Each line of the listing below should be restated word for word.

SUPPLIED MATERIAL:
******************************

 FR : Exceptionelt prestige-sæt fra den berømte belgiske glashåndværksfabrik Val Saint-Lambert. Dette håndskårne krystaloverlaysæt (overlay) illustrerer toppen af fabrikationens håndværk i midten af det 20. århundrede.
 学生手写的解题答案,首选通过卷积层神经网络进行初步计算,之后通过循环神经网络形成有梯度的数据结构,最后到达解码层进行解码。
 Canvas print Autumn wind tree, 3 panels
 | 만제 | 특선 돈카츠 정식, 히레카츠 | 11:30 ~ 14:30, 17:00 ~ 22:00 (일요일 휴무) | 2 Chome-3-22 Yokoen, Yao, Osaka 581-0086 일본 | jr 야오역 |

******************************

RESULT OF THIS EXERCISE:
 FR : Exceptionelt prestige-sæt fra den berømte belgiske glashåndværksfabrik Val Saint-Lambert. Dette håndskårne krystaloverlaysæt (overlay) illustrerer toppen af fabrikationens håndværk i midten af det 20. århundrede.
 学生手写的解题答案,首选通过卷积层神经网络进行初步计算,之后通过循环神经网络形成有梯度的数据结构,最后到达解码层进行解码。
 Canvas print Autumn wind tree, 3 panels
 | 만제 | 특선 돈카츠 정식, 히레카츠 | 11:30 ~ 14:30, 17:00 ~ 22:00 (일요일 휴무) | 2 Chome-3-22 Yokoen, Yao, Osaka 581-0086 일본 | jr 야오역 |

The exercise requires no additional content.